[WHAT IS EXPECTED]
The listing, minus its pictures, is to be given again exactly.

[STORED DATA]
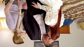 Stud fucks pretty ginger bride Danni Rivers and her lustful girlfriend
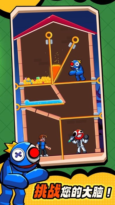 《彩虹朋友拉针解谜》是一款独具创意的物理解谜游戏。在游戏中,玩家需要通过精确地拔出插销来解救被困的角色。这款游戏采用了色彩鲜艳的卡通风格,每一关都精心设计了各种机关和陷阱。玩家必须仔细观察场景中发生的物理连锁反应,并在合适的时机拔出关键插销,才能顺利完成救援任务。
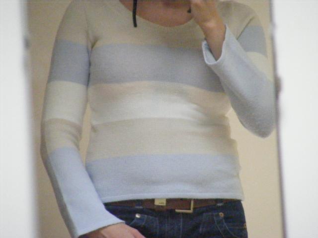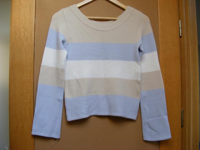 Švelnių spalvų megztinukas. Labai mielas. Tik kažkaip nebepriderinu aš jo.
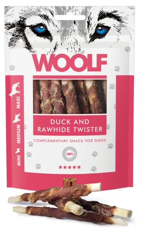 Questi Twisters di Anatra e Pelle Grezza sono realizzati al 100% con fonti proteiche per offrire la massima qualità e il miglior apporto nutrizionale. Lo snack Woolf, una volta cotto, è confezionato senza additivi chimici, conservanti o coloranti.
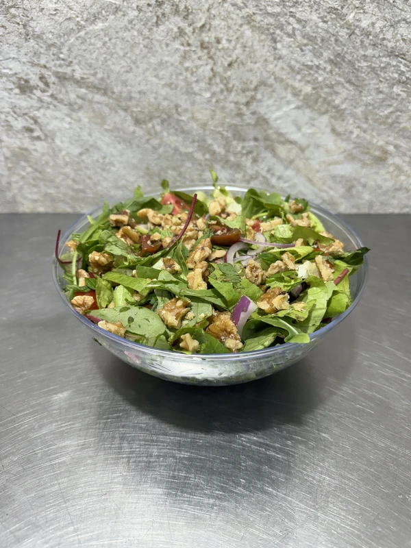 חסה,רוקט,עלי נענע,עגבניות שרי,בצל סגול ואגוזי מלך
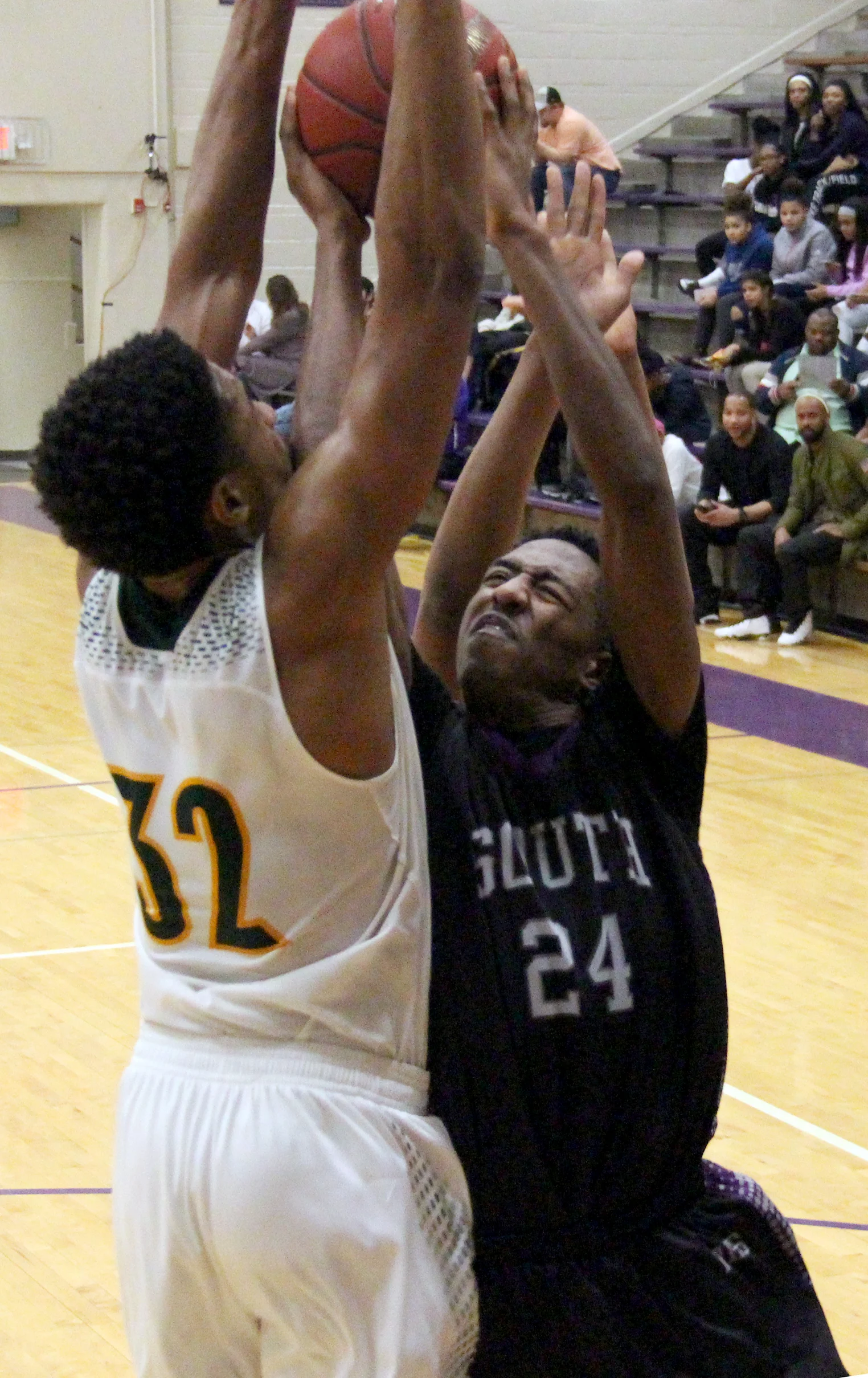 Park Hill South junior Saadique Perkins (24) goes up for a shot against Rock Bridge in the North Kansas City Invitational championship game Friday, Jan. 20 in North Kansas City, Mo.
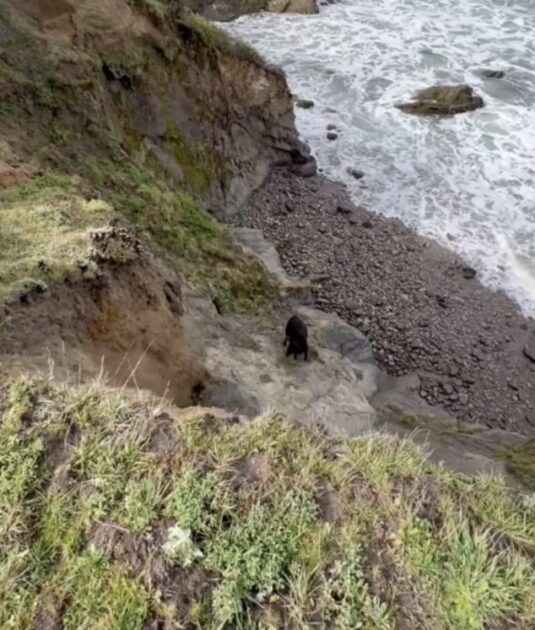 When he looked again, he realized it was a cow, trapped and drained of energy. The animal had collapsed near the cliffside and was completely unable to make the climb back up.

[OUTPUT OF THE EXERCISE]
 Stud fucks pretty ginger bride Danni Rivers and her lustful girlfriend
 《彩虹朋友拉针解谜》是一款独具创意的物理解谜游戏。在游戏中,玩家需要通过精确地拔出插销来解救被困的角色。这款游戏采用了色彩鲜艳的卡通风格,每一关都精心设计了各种机关和陷阱。玩家必须仔细观察场景中发生的物理连锁反应,并在合适的时机拔出关键插销,才能顺利完成救援任务。
 Švelnių spalvų megztinukas. Labai mielas. Tik kažkaip nebepriderinu aš jo.
 Questi Twisters di Anatra e Pelle Grezza sono realizzati al 100% con fonti proteiche per offrire la massima qualità e il miglior apporto nutrizionale. Lo snack Woolf, una volta cotto, è confezionato senza additivi chimici, conservanti o coloranti.
 חסה,רוקט,עלי נענע,עגבניות שרי,בצל סגול ואגוזי מלך
 Park Hill South junior Saadique Perkins (24) goes up for a shot against Rock Bridge in the North Kansas City Invitational championship game Friday, Jan. 20 in North Kansas City, Mo.
 When he looked again, he realized it was a cow, trapped and drained of energy. The animal had collapsed near the cliffside and was completely unable to make the climb back up.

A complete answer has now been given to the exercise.